Define a semigroup $\{T(t)\}$ on $L$ to be measurable if $T(\cdot)f$ is measurable as a function on $[0,\infty),\mathcal{B}[0,\infty))$ for each $f\in L$. We define the full generator $\hat{A}$ of a measurable contraction semigroup $\{T(t)\}$ on $L$ by $$\hat{A}=\{(f,g)\in L\times L: T9t)f-f=\int_0^t T(s)gds, t\ge 0\}.$$
Now let $L=B(\mathbb{R})$ with the sup norm.Below is a part of the proof of Proposition 5.1 from Ethier and Kurtz' Markov Processes. I don't understand the second equality here. I think the authors used integration by parts, but I don't understand how the integration by parts can be used when we don't assume $T(t)g$ to be continuous, so that it has an antiderivative. I would greatly appreciate it if anyone could explain how this works here.

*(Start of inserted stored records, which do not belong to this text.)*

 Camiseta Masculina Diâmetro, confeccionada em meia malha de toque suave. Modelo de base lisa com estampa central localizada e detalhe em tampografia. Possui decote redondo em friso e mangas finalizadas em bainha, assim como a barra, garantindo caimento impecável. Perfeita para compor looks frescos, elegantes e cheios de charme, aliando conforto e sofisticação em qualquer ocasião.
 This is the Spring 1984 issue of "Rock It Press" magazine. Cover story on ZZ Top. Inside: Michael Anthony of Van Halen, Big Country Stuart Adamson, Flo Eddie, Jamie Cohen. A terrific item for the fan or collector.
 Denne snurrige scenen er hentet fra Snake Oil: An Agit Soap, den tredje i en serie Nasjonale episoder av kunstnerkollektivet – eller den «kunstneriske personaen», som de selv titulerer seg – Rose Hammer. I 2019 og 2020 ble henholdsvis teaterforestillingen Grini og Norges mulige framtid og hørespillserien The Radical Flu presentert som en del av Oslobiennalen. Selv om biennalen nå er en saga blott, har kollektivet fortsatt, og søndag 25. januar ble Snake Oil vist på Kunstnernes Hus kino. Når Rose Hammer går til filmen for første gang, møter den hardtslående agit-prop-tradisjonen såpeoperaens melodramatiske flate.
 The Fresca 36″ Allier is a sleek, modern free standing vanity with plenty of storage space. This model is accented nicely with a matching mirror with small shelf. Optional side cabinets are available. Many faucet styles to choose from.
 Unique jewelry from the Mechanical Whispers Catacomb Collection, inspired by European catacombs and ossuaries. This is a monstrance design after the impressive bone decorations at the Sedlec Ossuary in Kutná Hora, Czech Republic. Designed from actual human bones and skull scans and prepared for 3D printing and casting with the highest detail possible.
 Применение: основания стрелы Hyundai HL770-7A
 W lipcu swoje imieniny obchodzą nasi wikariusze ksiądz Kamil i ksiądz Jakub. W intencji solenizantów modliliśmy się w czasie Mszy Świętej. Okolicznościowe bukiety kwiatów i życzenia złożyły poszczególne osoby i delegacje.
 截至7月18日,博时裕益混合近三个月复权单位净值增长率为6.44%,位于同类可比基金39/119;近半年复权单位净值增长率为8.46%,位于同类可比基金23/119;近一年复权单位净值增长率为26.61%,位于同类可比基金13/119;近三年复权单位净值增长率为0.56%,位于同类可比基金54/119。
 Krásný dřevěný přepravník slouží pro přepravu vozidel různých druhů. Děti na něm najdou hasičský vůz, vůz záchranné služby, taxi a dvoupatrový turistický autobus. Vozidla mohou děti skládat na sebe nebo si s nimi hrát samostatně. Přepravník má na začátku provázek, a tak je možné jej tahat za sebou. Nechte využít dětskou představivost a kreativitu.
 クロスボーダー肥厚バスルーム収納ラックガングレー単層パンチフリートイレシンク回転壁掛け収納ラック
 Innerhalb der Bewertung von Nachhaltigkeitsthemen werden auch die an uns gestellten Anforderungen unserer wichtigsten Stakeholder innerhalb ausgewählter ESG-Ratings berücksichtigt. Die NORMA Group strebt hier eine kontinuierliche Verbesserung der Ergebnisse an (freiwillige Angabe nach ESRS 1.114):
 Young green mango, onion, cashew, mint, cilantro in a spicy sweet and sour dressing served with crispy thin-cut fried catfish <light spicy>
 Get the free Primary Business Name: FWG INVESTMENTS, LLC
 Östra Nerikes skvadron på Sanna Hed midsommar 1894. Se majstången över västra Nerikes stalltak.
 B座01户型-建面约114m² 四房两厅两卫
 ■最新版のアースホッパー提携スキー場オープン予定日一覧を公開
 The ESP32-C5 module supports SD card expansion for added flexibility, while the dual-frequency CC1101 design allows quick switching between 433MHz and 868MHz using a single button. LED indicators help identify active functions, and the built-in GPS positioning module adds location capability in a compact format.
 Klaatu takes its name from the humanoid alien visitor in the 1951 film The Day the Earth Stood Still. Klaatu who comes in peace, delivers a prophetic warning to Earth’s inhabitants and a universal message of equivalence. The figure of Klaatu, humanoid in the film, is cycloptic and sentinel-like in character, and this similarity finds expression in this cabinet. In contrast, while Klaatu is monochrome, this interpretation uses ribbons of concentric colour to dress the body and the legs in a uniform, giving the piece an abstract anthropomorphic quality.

You need that if $T(t)g$ is $L^1_{\mathrm{loc}}$ then $\int_0^t T(s)g\,ds$ is a continuous almost everywhere differentiable function with differential being equal to $T(t)g$ almost everywhere. The differential need not be continuous.
In such a setting you can use partial integration, let $A,B$ be continuous and almost everywhere differentiable then you've got: $$\int_0^x (\partial_t A(t))B(t)\,dt = \int_0^x\partial_t(A(t)B(t))\,dt-\int_0^xA(t)\partial_tB(t)\,dt\\ =(A(x)B(x)-A(0)B(0))-\int_0^xA(t)\partial_tB(t)\,dt$$ Doing this with $\int_0^\infty e^{-\lambda t}T(t)g\,dt$ ($A=\int_0^tT(s)g\,ds$, $B=e^{-\lambda t}$) gives you: $$\lim_{x\to\infty} e^{-\lambda x}\int_0^xT(s)g\,ds -\lim_{x\to\infty}\int_0^x(-\lambda)e^{-\lambda t}\int_0^tT(s)g\,ds\,dt$$